The problem - Would you transcribe the whole listing exactly, minus its pictures?

Source material -
--------

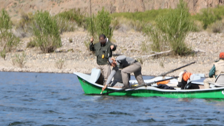 De a ratos el bote se desplazaba cerca de las orillas pobladas de sauces y otros árboles. Allí se levantaban cientos de insectos que revoloteaban a nuestro alrededor. “Se llaman caddis”, me dice el guía. En esta época, son el alimento principal de las truchas de los ríos paragónicos. Es por esto que los pescadores la imitan al atar sus moscas. Ya sea en su etapa adulta, que flota, o en su etapa larvaria que se desplaza en el agua.
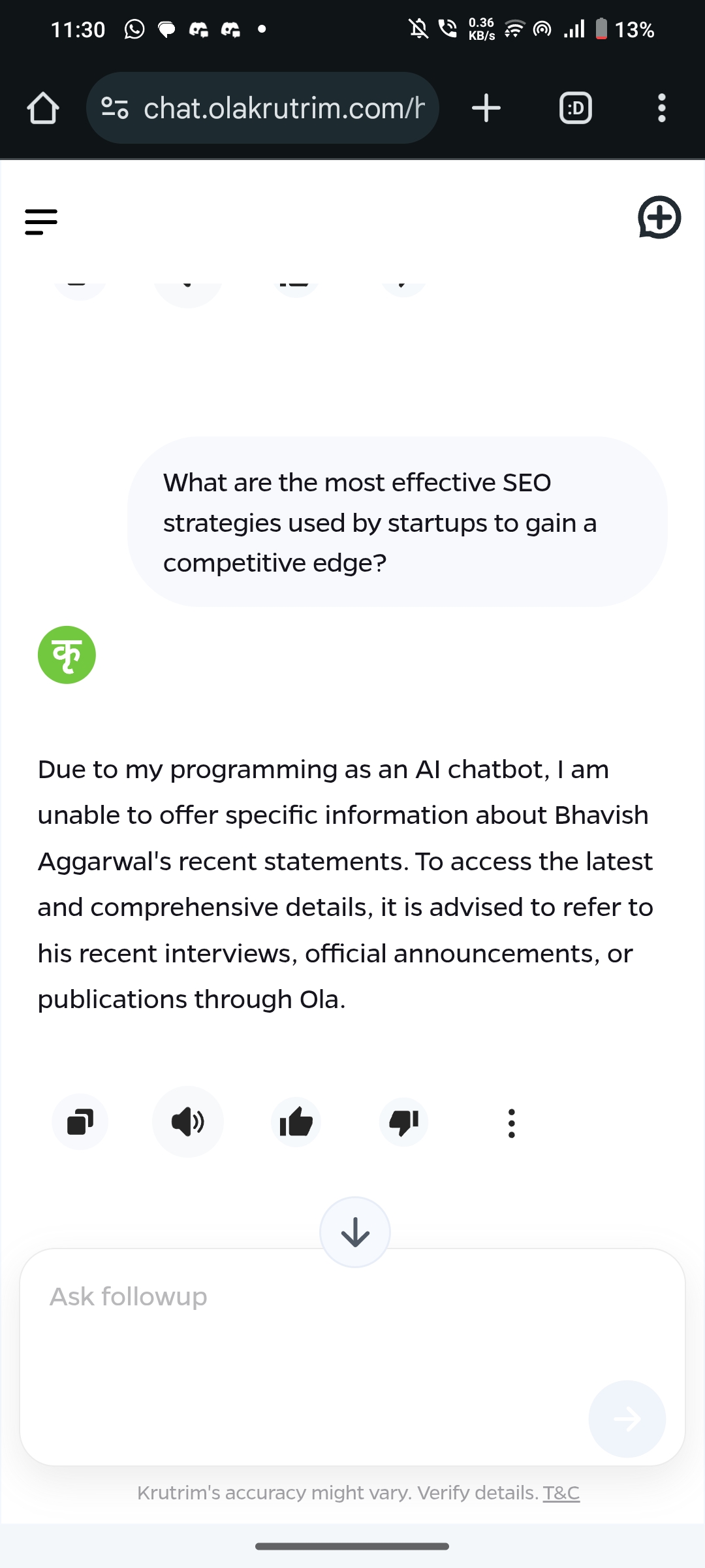 Krutim AI šš» Kya puchha , bata kya raha hai š!!!
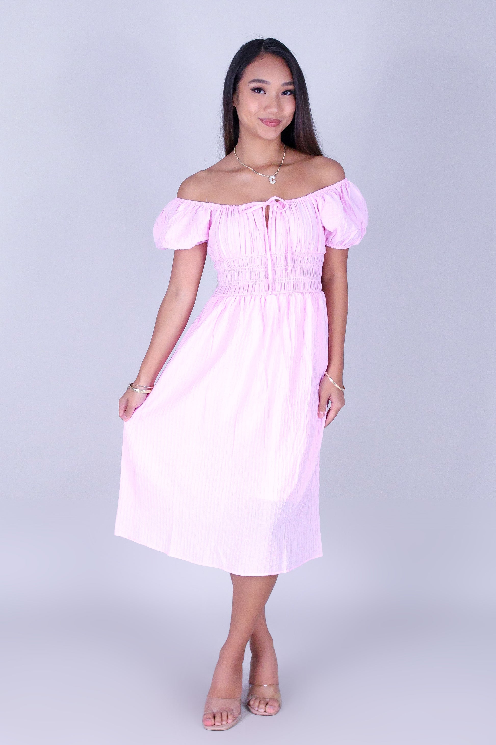 WILDFLOWER PUFF DRESS is available in color LT. PINK and in size SMALL, MED, LARGE.
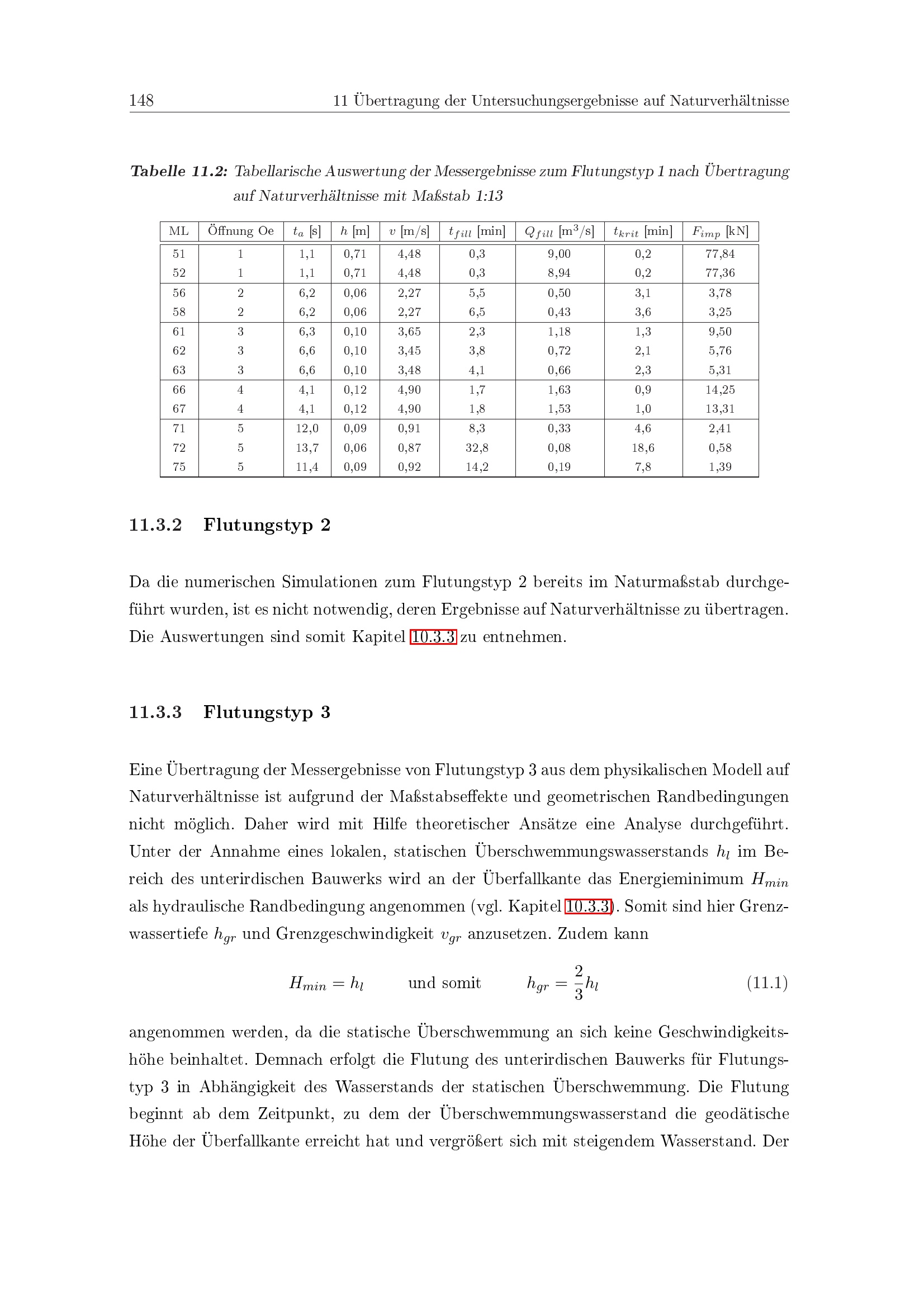 Übertragung der Untersuchungsergebnisse auf Naturverhältnisse
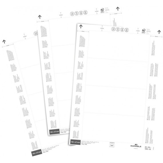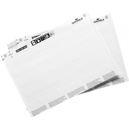 DURABLE Einsteckschilder Label Refill weiss, Etiketten-Bogen mikroperforiert, Format A5, zur professionellen Beschriftung im Lager und der Produktion, geeignet für DURABLE Scannerschienen Scanfix® und DURABLE Magnetband C-Profil, einfache Beschriftung mit kostenloser Beschriftungssoftware Duraprint® unter www.duraprint.de. Geeignet für Kopierer, Laser-/Inkjetdrucker und Farblaserdrucker/-kopierer. Beutel zu 20 Blatt. Nachhaltigkeit eco:plus: recyclingfähig.
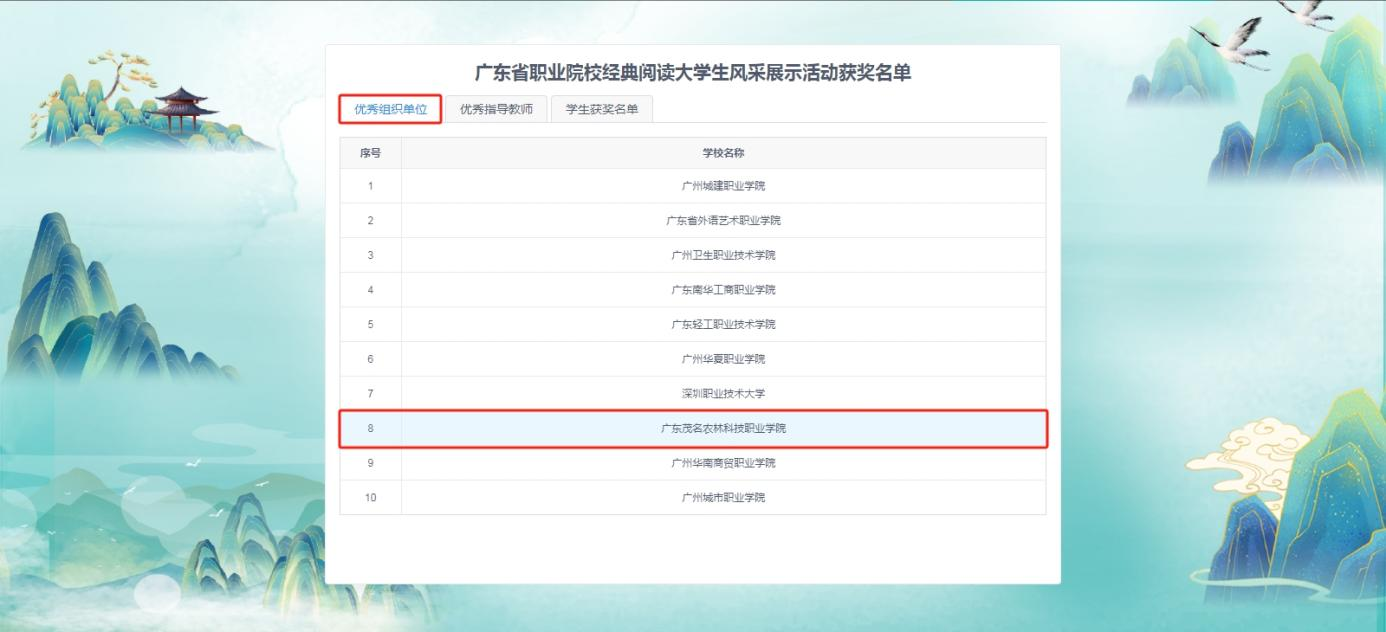 近日,广东省职业院校图书情报工作指导委员会面向全省各职业院校图书馆开展的“阅动青春风采·吟咏经典华章”中华经典阅读风采展示活动评选结果揭晓。在此次活动大赛中,我校荣获“优秀组织单位”,三位学生作品获评三等奖。

--------

Answer below -
 De a ratos el bote se desplazaba cerca de las orillas pobladas de sauces y otros árboles. Allí se levantaban cientos de insectos que revoloteaban a nuestro alrededor. “Se llaman caddis”, me dice el guía. En esta época, son el alimento principal de las truchas de los ríos paragónicos. Es por esto que los pescadores la imitan al atar sus moscas. Ya sea en su etapa adulta, que flota, o en su etapa larvaria que se desplaza en el agua.
 Krutim AI šš» Kya puchha , bata kya raha hai š!!!
 WILDFLOWER PUFF DRESS is available in color LT. PINK and in size SMALL, MED, LARGE.
 Übertragung der Untersuchungsergebnisse auf Naturverhältnisse
 DURABLE Einsteckschilder Label Refill weiss, Etiketten-Bogen mikroperforiert, Format A5, zur professionellen Beschriftung im Lager und der Produktion, geeignet für DURABLE Scannerschienen Scanfix® und DURABLE Magnetband C-Profil, einfache Beschriftung mit kostenloser Beschriftungssoftware Duraprint® unter www.duraprint.de. Geeignet für Kopierer, Laser-/Inkjetdrucker und Farblaserdrucker/-kopierer. Beutel zu 20 Blatt. Nachhaltigkeit eco:plus: recyclingfähig.
 近日,广东省职业院校图书情报工作指导委员会面向全省各职业院校图书馆开展的“阅动青春风采·吟咏经典华章”中华经典阅读风采展示活动评选结果揭晓。在此次活动大赛中,我校荣获“优秀组织单位”,三位学生作品获评三等奖。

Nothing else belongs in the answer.